Running Guide Week 2
- Your beginner’s running plan
- Plus helping you run better
So hopefully you have had a chance to try last week’s running plan – fear not if you haven’t (it’s saved on the website).
Depending on how you found your first run will depend on how to take this week. If you struggle from the start, then consistency will be the key – the more you practice the better it will become.
It is important to vary your types of running to assist with this but we will cover that later.
Most importantly, I hope you enjoyed your run (and moreso as it gets easier).
This week’s plan is about improving endurance and still finding your bearings. I appreciate that this is new and slowly is definitely better to start.
Warmup: easy 5–10 minutes. You can walk if necessary or build up from an power walk into a run!
This run is all about escalating intensity so working at your own pace is vital.
It is based around a triangular stricter of running / resting.
Run one is 25 meters (just set the pace and get the breathing). This is followed by 25 metres of recovery jog.
Run two is 75–100 metres depending on how number one felt. This is followed by the same distance of a jog (or walk).
Run three is 50 metres at a lighter pace followed by 50 metre recovery.
If it helps, you can use lampposts to gauge the distance too.
^ those three complete ONE circuit of the plan.
The aim is to increase the speed with the sprints and keep the recovery jog at a consistent pace.
Regression: complete the circuit 3–4 times and walk as much as necessary between sprints.

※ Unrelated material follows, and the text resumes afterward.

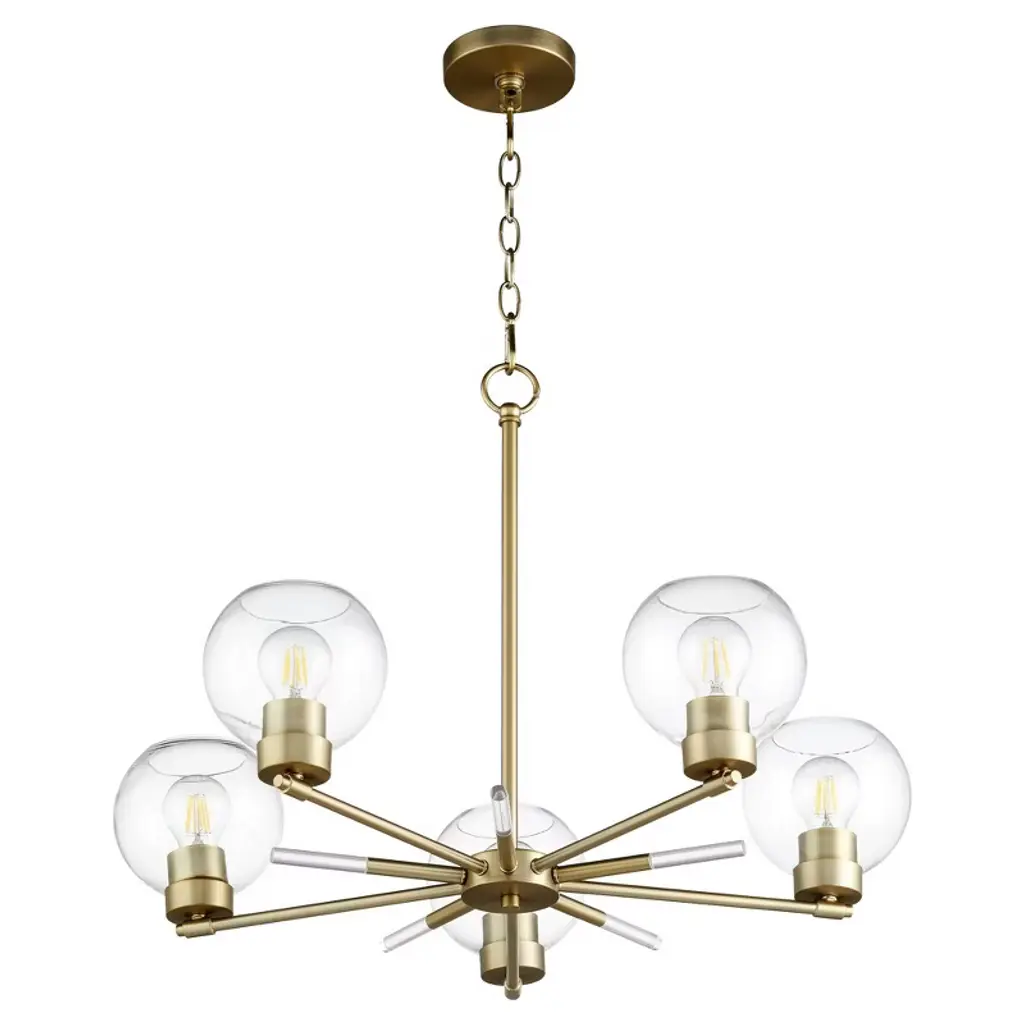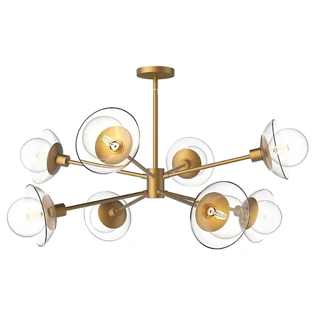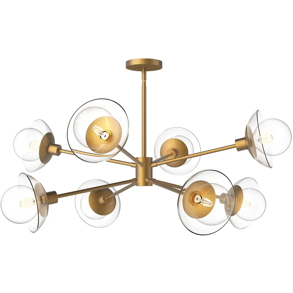 As lovely as can be. Composed like a beautiful bunch of flowers, the Francesca Chandelier from Alora Mood gets the eyes traveling with rays of charming shapes and rich light. The chandelier’s dynamic composition and bold finish reference mid-century modern design’s iconic sputnik. It faces in every direction with a bursting composition of slender arms. Metal discs and bowl-shaped glass shades cap off the discs in smooth, subtle curves. The addition of globe-shaped bulbs creates a bright, reflective, and delightful bubble effect. The sculptural composition of the bulbs translates to a surrounding aura of lively illumination.

Progression: complete the circuit 5–8 times depending on how you feel. The middle run should be at full intensity so the others become more challenging.
After you have finished your chosen circuit, I would recommend a 5–10 minute steady pace run (or brisk walk) followed by some basic stretches (as outlined in the free RYPT YouTube video)…
General Tip #2 technique
Running with “light feet” has improved my performance. By that, I mean landing with more weight towards the front of the foot than the heel!
The opposite would be a stomping movement whereby your feet waste energy with heavy transfers of weight everytime.